▸ **Task item**
Please find the line that holds "-Хууль бусаар барахгүй" below and reproduce it, along with every line after it through the end, exactly and without pictures.

┌──

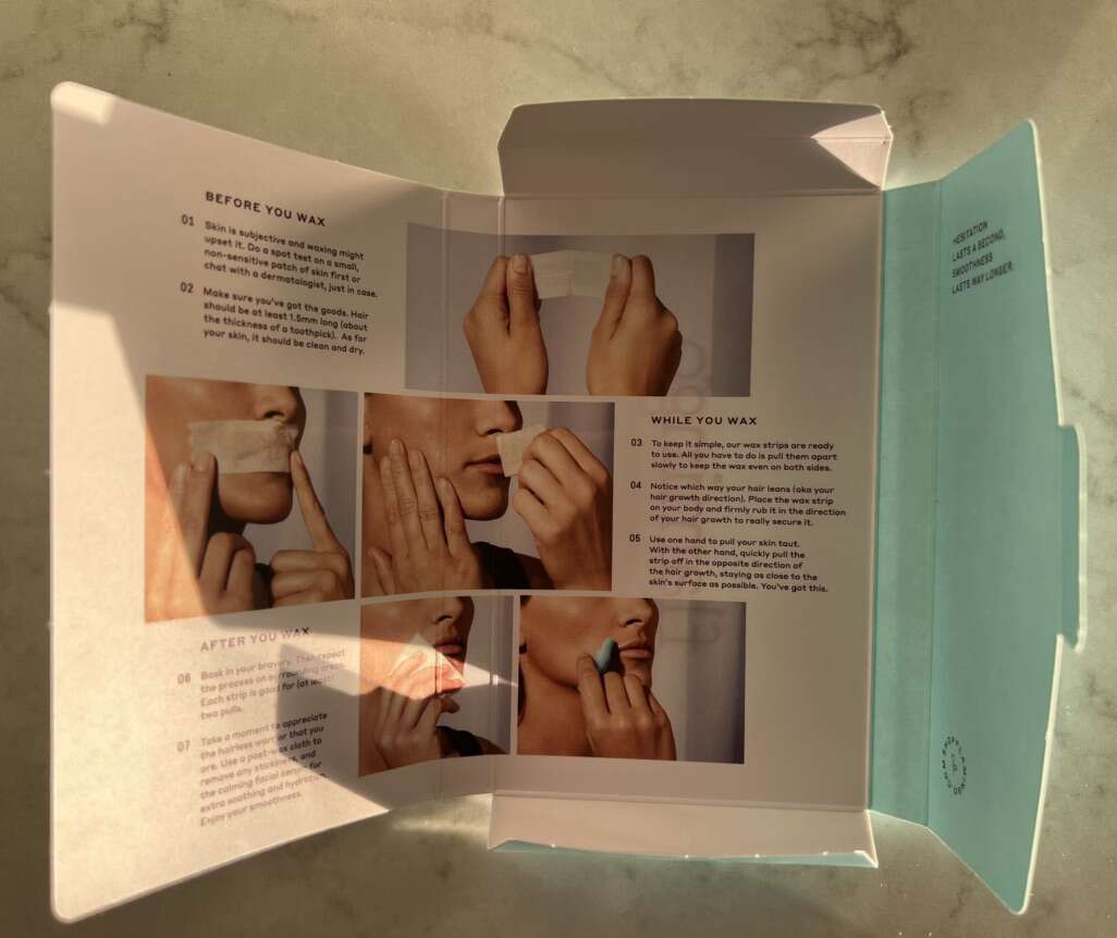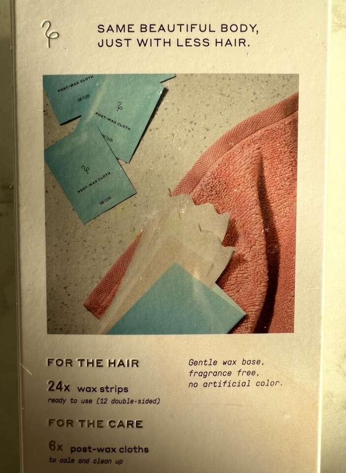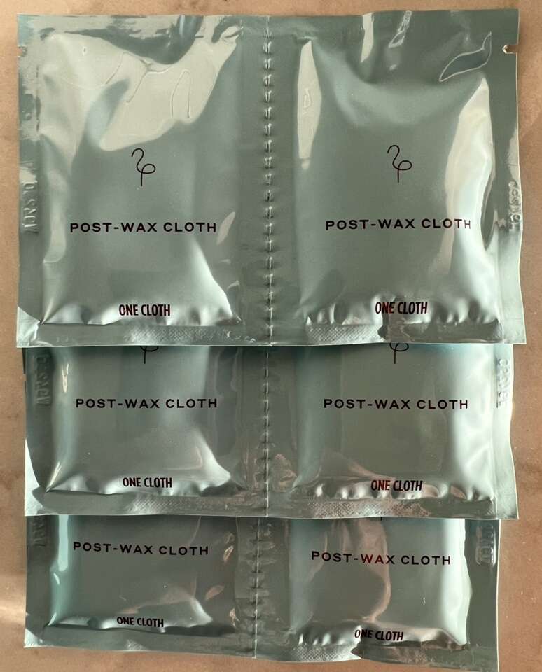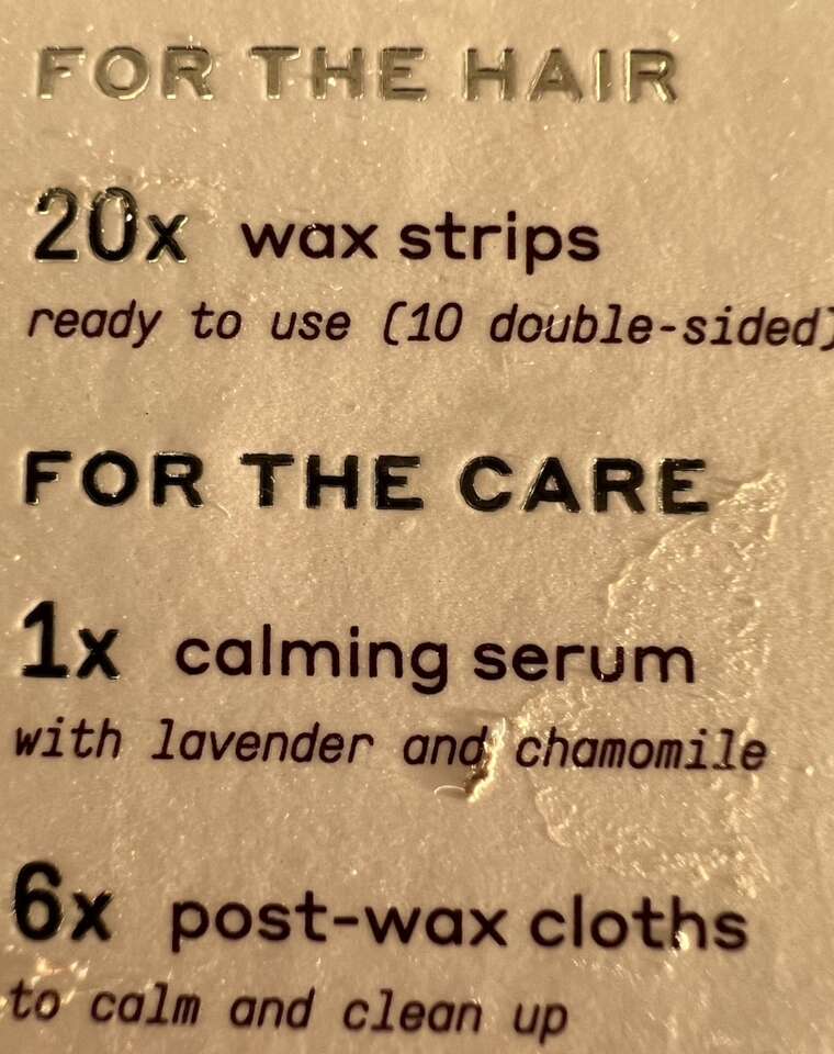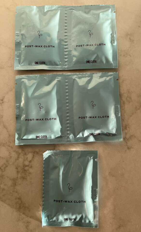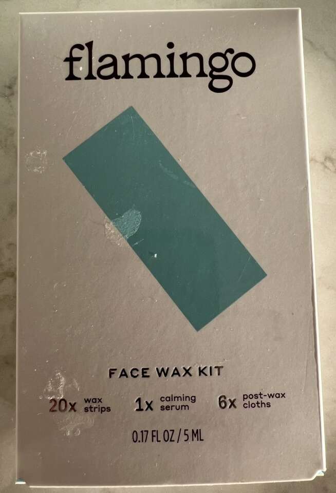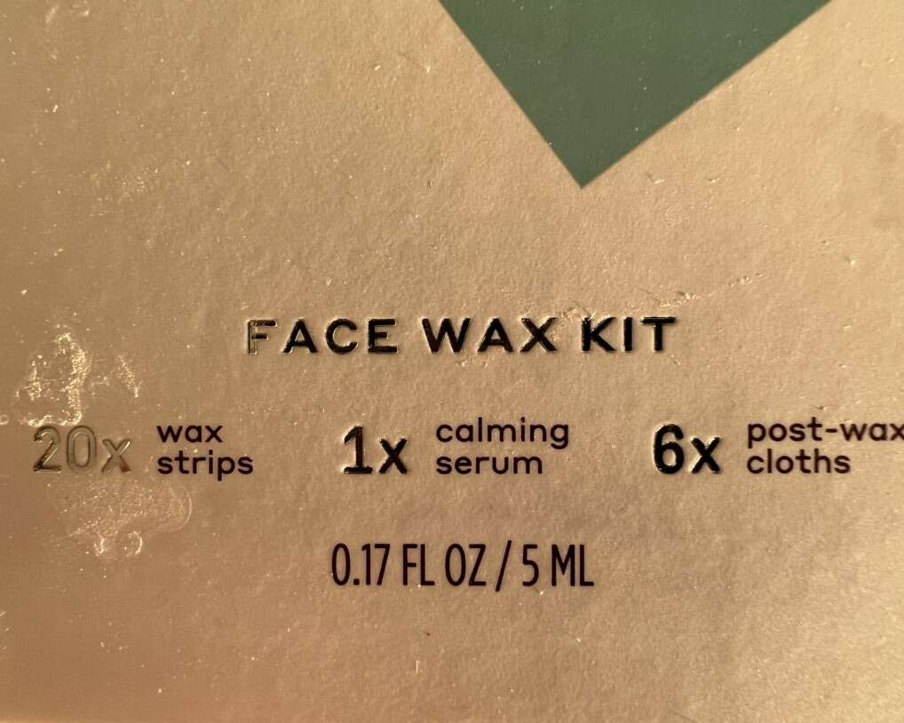 • Face wax kit, with unopened package of wax strips + calming serum + 6 post-wax cloths, $5
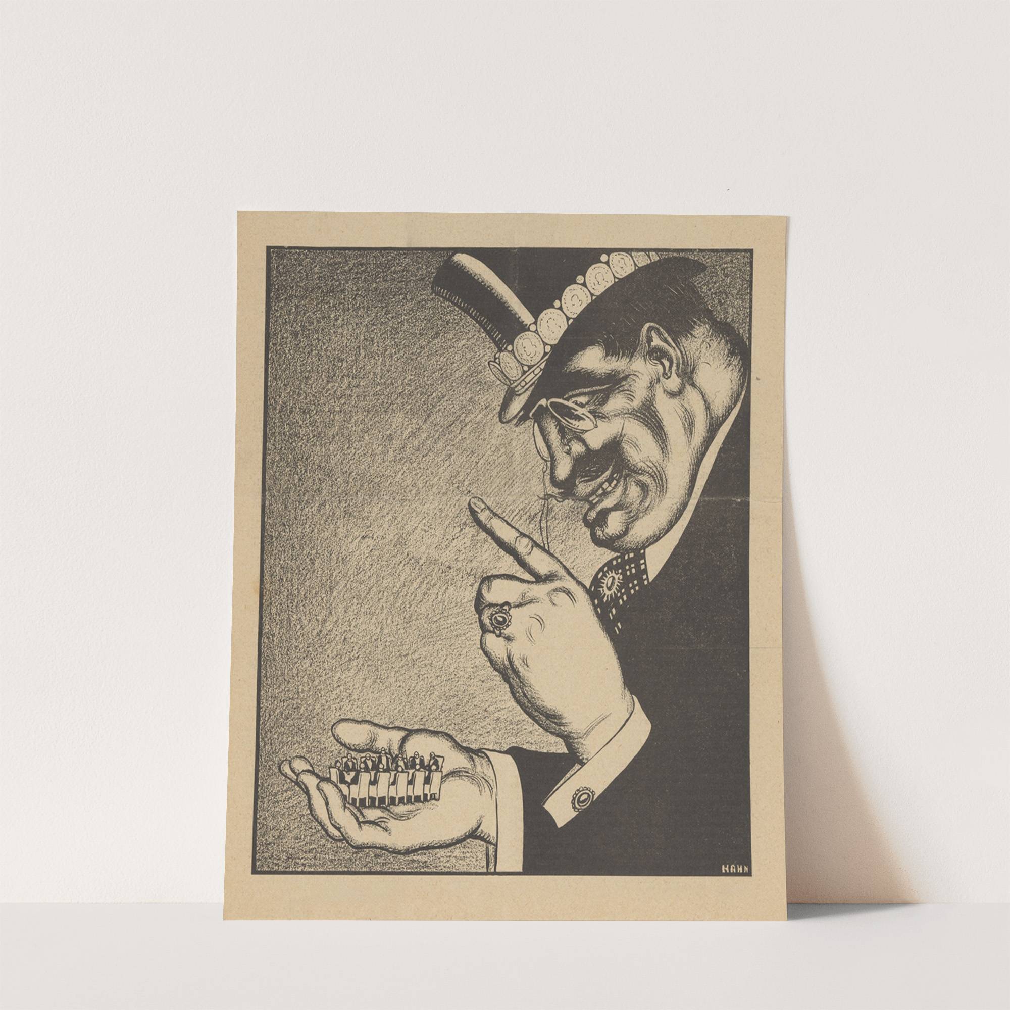 This black-and-white linocut print by the artist "De Notenkraker" titled "De 'Vrede'-conferentie" by Albert Hahn captures a humorous yet poignant moment. The image features a caricatured official, identifiable by his tall, black top hat adorned with white roses and round...
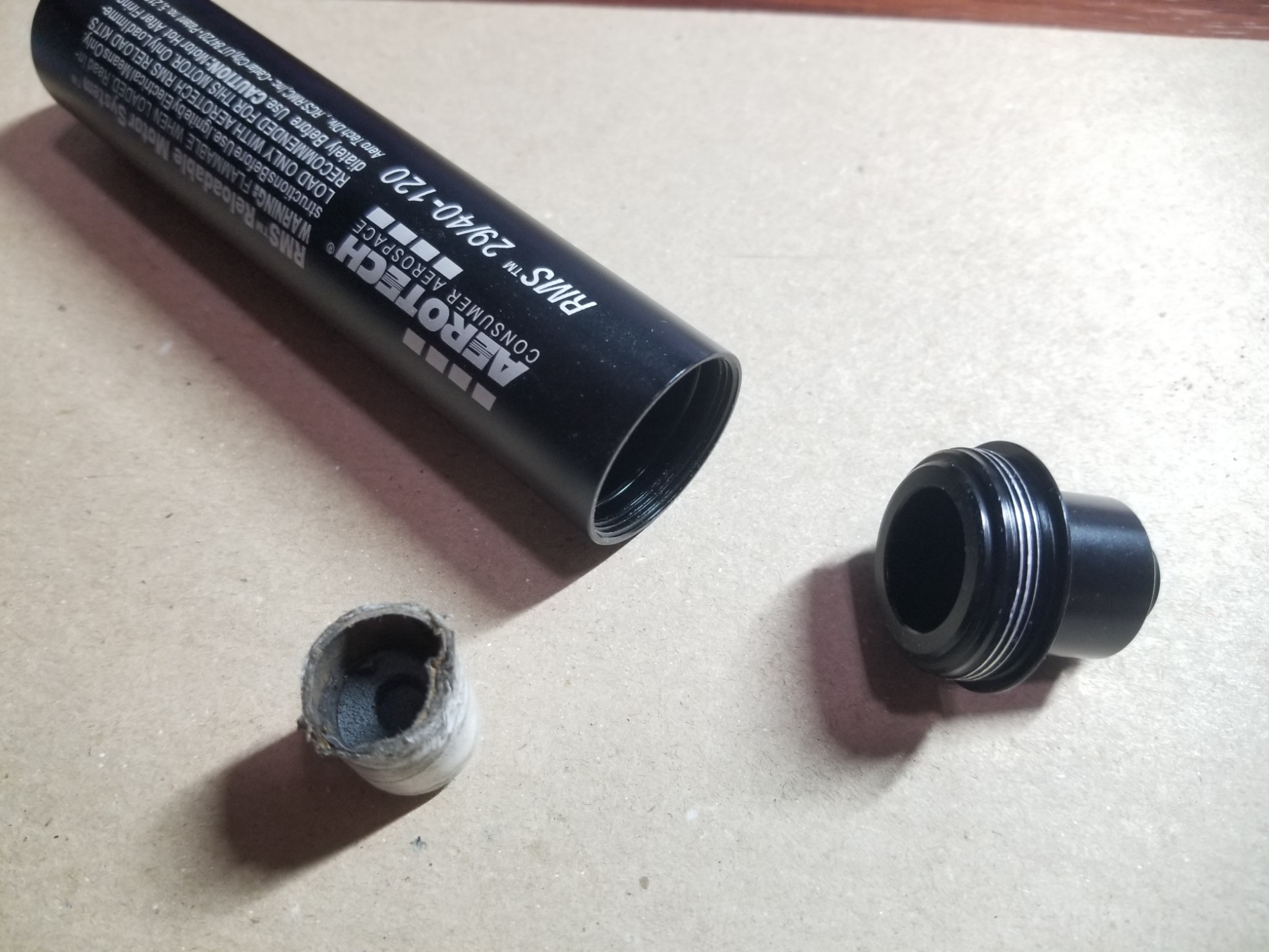 The front closure blew off immediately after ignition and launch, ejecting the entire reload across the launch site. I was able to find the front closure and delay grain. The threads on both the front closure and the front part of the case are stripped from the force of the failure.
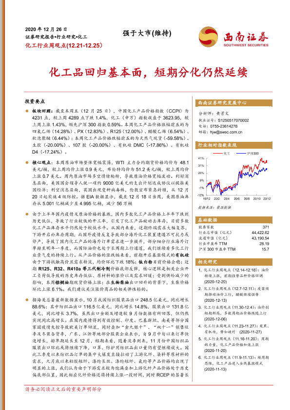 【西南证券】【20201226】20201226-西南证券-化工行业周观点:化工品回归基本面,短期分化仍然延续-13页
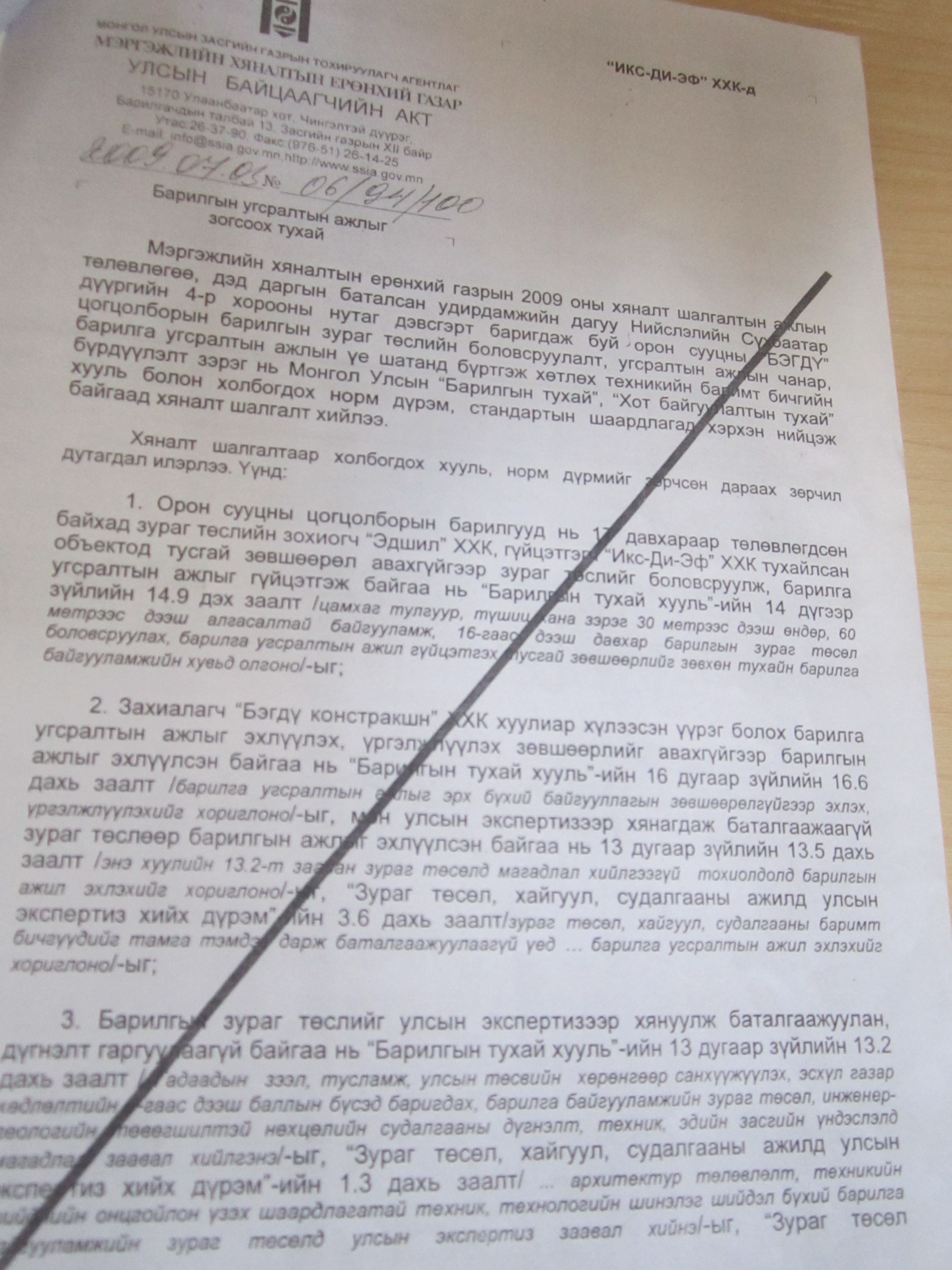 -Хууль бусаар барахгүй давхцал үүссэн гэсэн Мэргэжлийн хяналт, Хот байгуулалтын газрын хамтарсан дүгнэлт гарсан шүү дээ. Цэцэрлэгийн хашаанаас бол өргөөшөө гурван метр, уртаараа 60 метрийг л эзэгнэчихээд байна. Уг нь улсын стандартаараа бол сургууль, цэцэрлэгээс 50 метрийн зайтай барилга баригдах ёстой байдаг. Үнэхээр л барилга барьж, ашиг олох гээд байгаа юм бол энэ бүгдийг хуулийн дагуу болгоод барих хэрэгтэй шүү дээ.
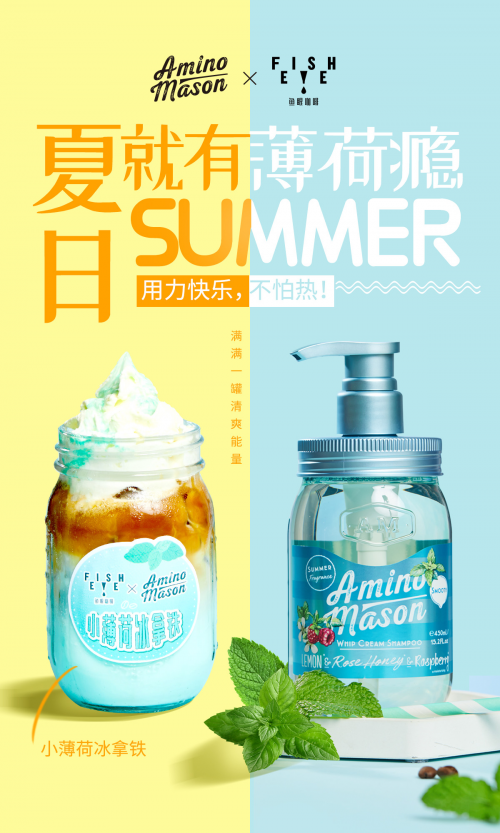 日系洗发水火遍娱乐圈的品牌Amino Mason ,于6月9日以“夏日就有薄荷瘾”为主题,跨界联合FISHEYE鱼眼咖啡,为今夏打造薄荷限定的清凉体验,在炎热的季节享受从头到脚、由内到外的酷爽~
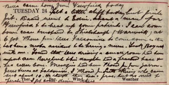 1 Phyllis Mary ‘Fiff’ Dees (1899-1920) had suffered a head injury in a car accident 24 August 1920; she was the daughter of Robert Irwin Dees (1872-1923) and Edith Mary Boileau Dees née Henderson, the new (1920) tenants at Faldonside
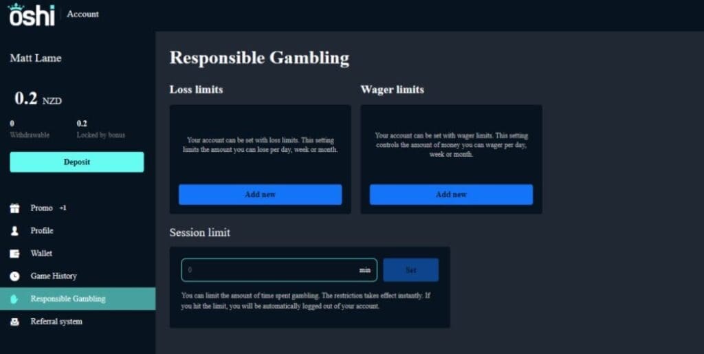 One of the strongest points for Oshi is that all terms and conditions (once you’ve logged in) are easy to find and clearly written. Easy to use responsible gambling tools are also provided, allowing you to set loss limits, wager limits, and session limits without needing to contact support. This is great to see – but then again, all Curacao-licensed online casinos will soon be required to do this.

└──

▸ **Your response**
 -Хууль бусаар барахгүй давхцал үүссэн гэсэн Мэргэжлийн хяналт, Хот байгуулалтын газрын хамтарсан дүгнэлт гарсан шүү дээ. Цэцэрлэгийн хашаанаас бол өргөөшөө гурван метр, уртаараа 60 метрийг л эзэгнэчихээд байна. Уг нь улсын стандартаараа бол сургууль, цэцэрлэгээс 50 метрийн зайтай барилга баригдах ёстой байдаг. Үнэхээр л барилга барьж, ашиг олох гээд байгаа юм бол энэ бүгдийг хуулийн дагуу болгоод барих хэрэгтэй шүү дээ.
 日系洗发水火遍娱乐圈的品牌Amino Mason ,于6月9日以“夏日就有薄荷瘾”为主题,跨界联合FISHEYE鱼眼咖啡,为今夏打造薄荷限定的清凉体验,在炎热的季节享受从头到脚、由内到外的酷爽~
 1 Phyllis Mary ‘Fiff’ Dees (1899-1920) had suffered a head injury in a car accident 24 August 1920; she was the daughter of Robert Irwin Dees (1872-1923) and Edith Mary Boileau Dees née Henderson, the new (1920) tenants at Faldonside
 One of the strongest points for Oshi is that all terms and conditions (once you’ve logged in) are easy to find and clearly written. Easy to use responsible gambling tools are also provided, allowing you to set loss limits, wager limits, and session limits without needing to contact support. This is great to see – but then again, all Curacao-licensed online casinos will soon be required to do this.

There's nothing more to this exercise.